A diagnosis, however, requires much more than checking symptoms off a list, explains Dr. Sarah Holley, a psychology professor at San Francisco State University.

“A person typically seeks an assessment because they have noticed difficulties in certain areas of functioning, and they want to know why this might be (and if they meet the criteria for a specific diagnosis),” Holley says. “ The person conducting the assessment will consider all the different explanations that could account for the person’s difficulties. They will then use a range of tools to determine if the person appears to meet the criteria for one or more diagnosable disorders, and/or if other factors may better account for the difficulties.”

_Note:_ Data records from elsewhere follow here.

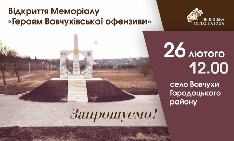 У середу, 26 лютого, у селі Вовчухи Городоцького району відбудеться урочисте відкриття та освячення Меморіалу «Героям Вовчухівської офензиви».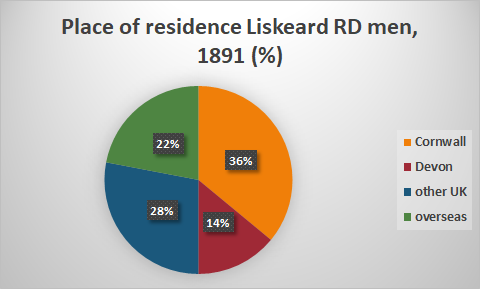 Gender differences were profound in this RD. Almost two thirds of girls born in the Liskeard RD were still found in Cornwall in the 1880s, in contrast to only just over a third of the boys. The proportion of female emigrants was – at less than 10% – very low, lower in fact than from the purely agricultural districts of north Cornwall. Meanwhile, girls were much less likely than boys to have travelled further afield within the British Isles.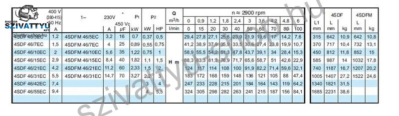 A Calpeda 4SDFM 46/15EC búvárszivattyú gyártása során minden felhasznált alapanyag csak és kizárólag kiváló minőségű lehet, ez alapelv. Ennek köszönhetően a szivattyú hidraulika akár 300 g/m3 homoktűrő képességgel is rendelkezhet. A Calpeda 4 colos csőkút szivattyúkat előszeretettel használják lakóházak vízellátására, mezőgazdaságban gyümölcs és zöldség öntözéshez. A nagyobb emelőmagasságú és vízhozamú Calpeda 4SD szivattyúkat iparterületek vízellátására, tüzi víztározók biztonsági szivattyújának, de akár hidroglóbusz feltöltésére is alkalmasak. Mégis jellemzően fúrt kutakban alkalmazzák leggyakrabban. A minimum kútátmérő 110 mm. Nagyobb , hosszabb típusoknál fontos, hogy a kút egyenes legyen, és a perforációk ne akadályozzák a lehelyezést. Ebben az esetben inkább legyen 125 mm-es a kút átmérő. A Calpeda 4SDFM 46/15EC búvárszivattyú külsőindítókondenzátoros modell. A működtetéshez indítódoboz szükséges. Az indítódoboz választékunkat a szivattyú vezérlés, indítódoboz menüpont alatt találja, ahol motorteljesítmény alapján választhat megfelelő indítódobozt.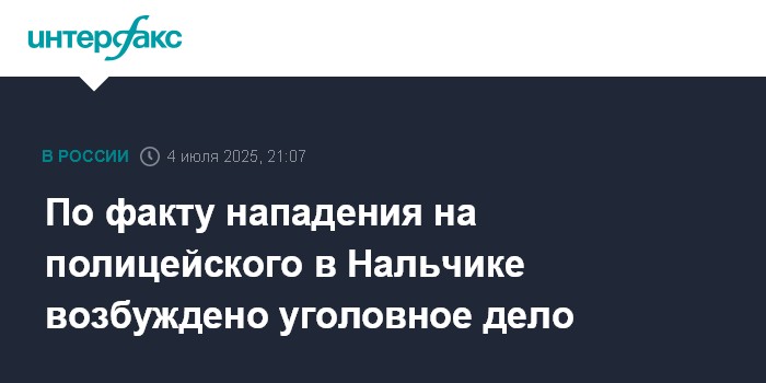 Москва. 4 июля. INTERFAX.RU - По факту нападения на полицейского в Нальчике возбуждено уголовное дело о посягательстве на жизнь сотрудника правоохранительных органов (статья 317 УК), сообщает пресс-служба Управления СКР по Кабардино-Балкарии.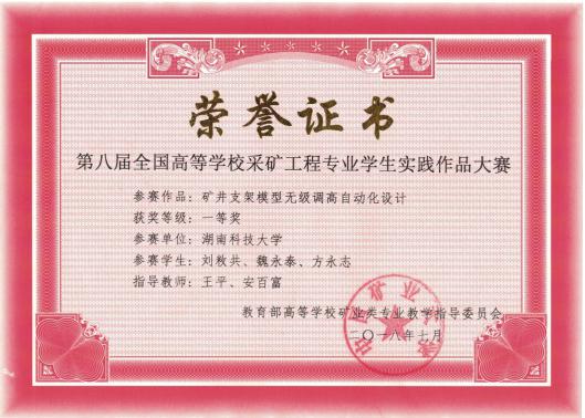 2018年7月10日~13日,由我校采矿系教师王卫军教授、余伟健教授和李青锋教授带队前往山东青岛参加。在本次会议上,余伟健副院长作为题为:“发展学科优势、提高学生创新能力的培养”的主题报告,反响热烈。在学生实践作品大赛环节,糖心视频学子总共有7项作品参赛,其中6项作品获奖。其中,刘敉共、魏永泰和方永志(指导教师王平、安百富)三位同学完成的“矿井支架模型无级调高自动化设计”作品荣获一等奖。甄彦雨、王栋、刘洋(指导教师分别为李青锋、余伟健、袁志刚)等同学的作品荣获二等奖,孟益民、张舜(指导教师分别为叶洲元、张自政)等同学的作品荣获三等奖。在青年教师讲课比赛环节,糖心视频采矿系教师王平荣获三等奖。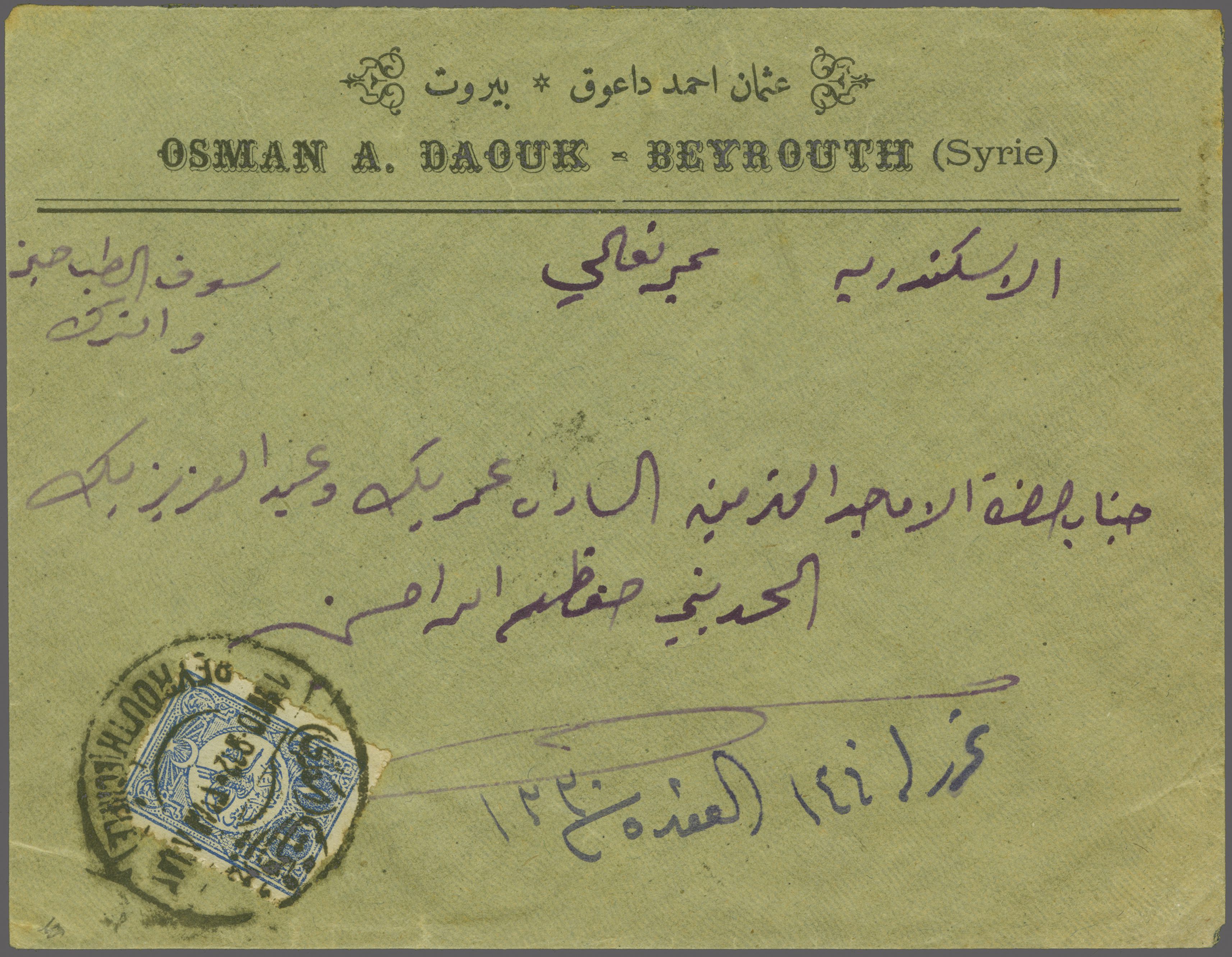 Beirut Harbour Office 1909: Turkey 1 pi. blue, a single example used on cover from Beirut Harbour to Alexandria, Egypt tied by bold strike of "BEYROUTH (ECHELE)" circular daetstamp (Oct 15) in black (Coles & Walker fig.

Many things affect a person’s mental state including interpersonal relationships, work or school. McNamara recalls that his diagnosis took weeks to assess. His therapists, according to him, wanted to assess if the difficulties McNamara was facing at the time could have been a result of diet, sleep or other such “agitators.”

“The first therapists I went to, for instance, had me stabilize my sleeping patterns and try and get adequate nutrition before making any diagnostic jumps, and wanted to see me for a little while,” McNamara says.

While it can be helpful to gather information online to aid in one’s mental health journey, as was the case for Mascaro, that isn’t the end of the process. Finding the proper support, counseling or medication if necessary can be a daunting endeavor, and short clips online rarely provide any resources that make it easier.

A person should not rely on the internet alone to make a diagnosis,” Holley says. “It is important to seek care from a qualified mental health professional who has the necessary training and expertise to conduct an assessment and come to an accurate diagnostic conclusion.”